» TASK BRIEF: Copy out the data that comes next, character for character, and leave the images aside.

» GIVEN INFORMATION:
○ ○ ○ ○ ○ ○ ○

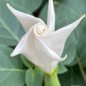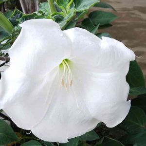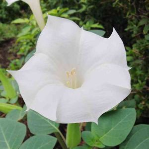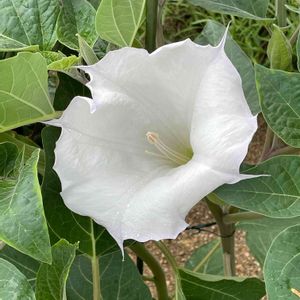 我が家の庭 ケチョウセンアサガオ 別名アメリカチョウセンアサガオ ナス科、チョウセンアサガオ属 直径12cmもありました まっ白でとても綺麗です 毒性あり
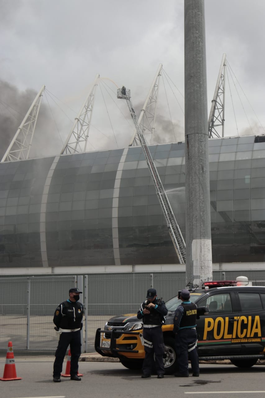 Incêndio no estádio Castelão na manhã deste sábado já foi controlado, afirma o coronel Ronaldo Rocha de Araújo, comandante geral do Corpo de Bombeiros. Ele informou que os danos foram apenas materiais, mas apenas a perícia que será feita no local poderá definir as causas do incêndio.
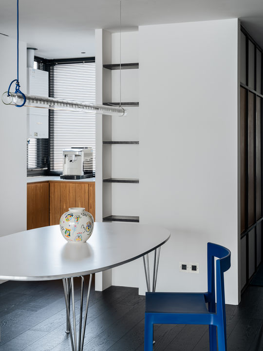 木质餐桌质感温润,布艺椅肌理明晰,立体简洁的线条与材质细节的运用上,让餐厅更具现代感的利落与精致之美。
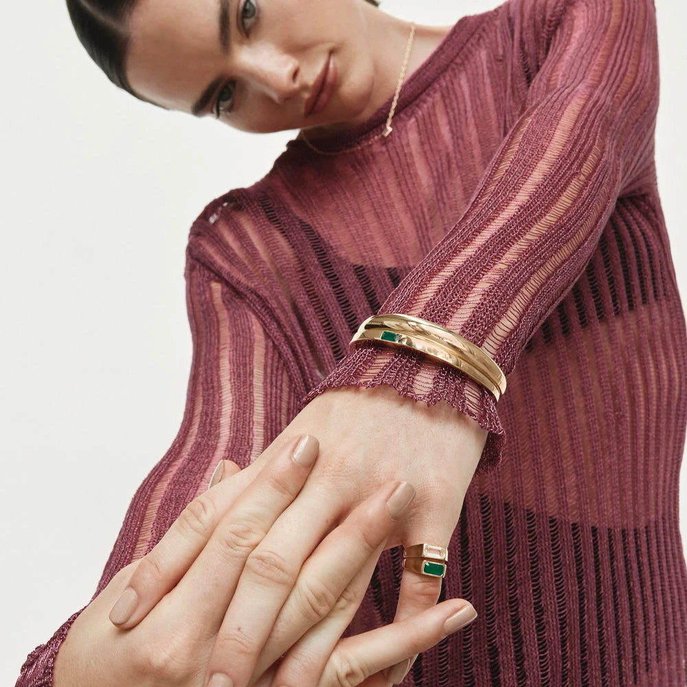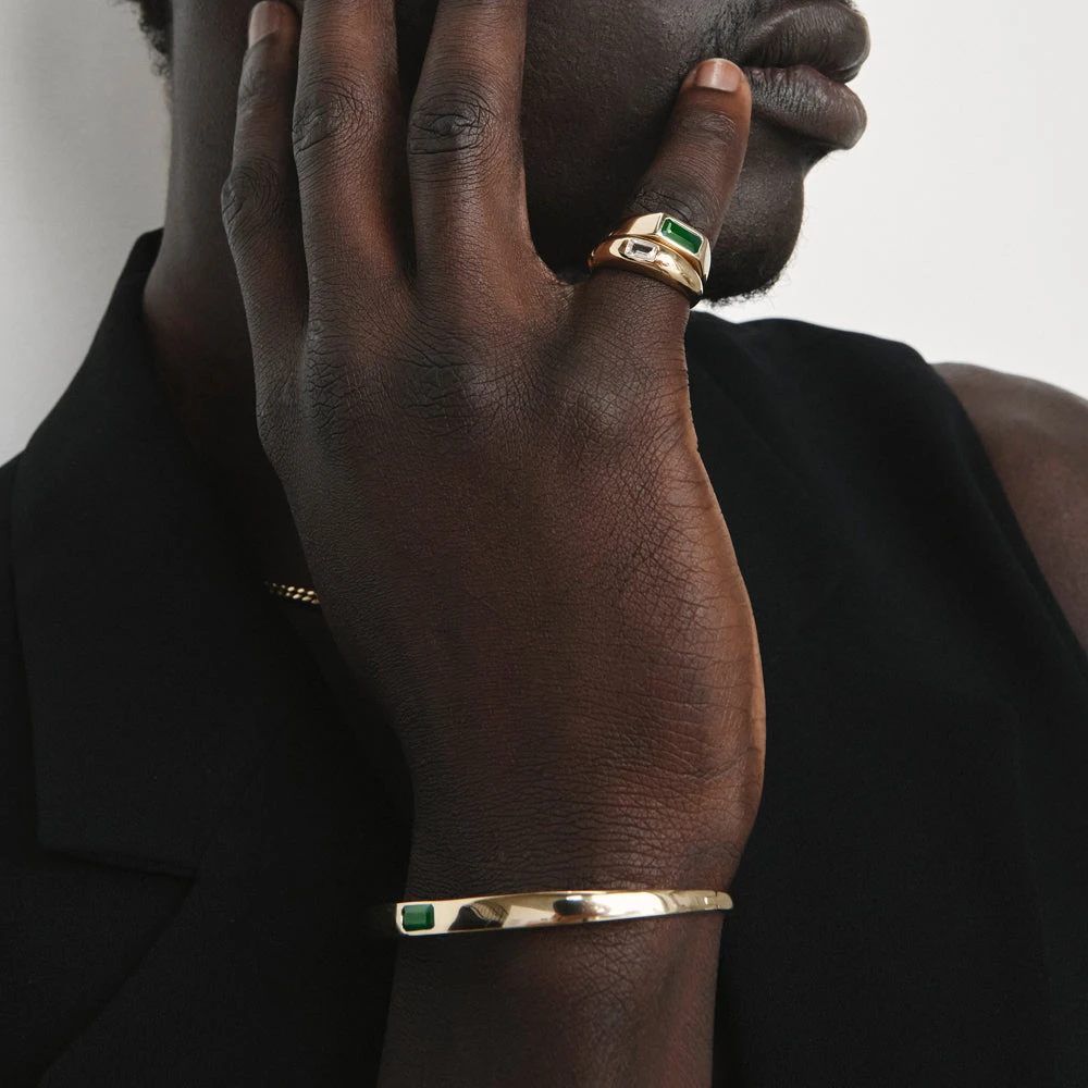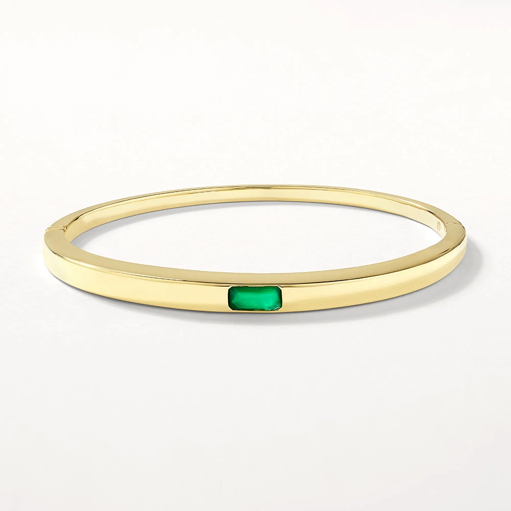 Our bold, square shape bangle is the ultimate contemporary piece. Featuring a sleek, plain gold bangle design with a minimalist pop of colour via an emerald cut, natural green agate. Crafted in 18k fine gold plating, wear our green agate bangle alone for chic simplicity or stack it with gold chain bracelets for a statement look.

○ ○ ○ ○ ○ ○ ○

» ANSWER FOR THE TASK:
 我が家の庭 ケチョウセンアサガオ 別名アメリカチョウセンアサガオ ナス科、チョウセンアサガオ属 直径12cmもありました まっ白でとても綺麗です 毒性あり
 Incêndio no estádio Castelão na manhã deste sábado já foi controlado, afirma o coronel Ronaldo Rocha de Araújo, comandante geral do Corpo de Bombeiros. Ele informou que os danos foram apenas materiais, mas apenas a perícia que será feita no local poderá definir as causas do incêndio.
 木质餐桌质感温润,布艺椅肌理明晰,立体简洁的线条与材质细节的运用上,让餐厅更具现代感的利落与精致之美。
 Our bold, square shape bangle is the ultimate contemporary piece. Featuring a sleek, plain gold bangle design with a minimalist pop of colour via an emerald cut, natural green agate. Crafted in 18k fine gold plating, wear our green agate bangle alone for chic simplicity or stack it with gold chain bracelets for a statement look.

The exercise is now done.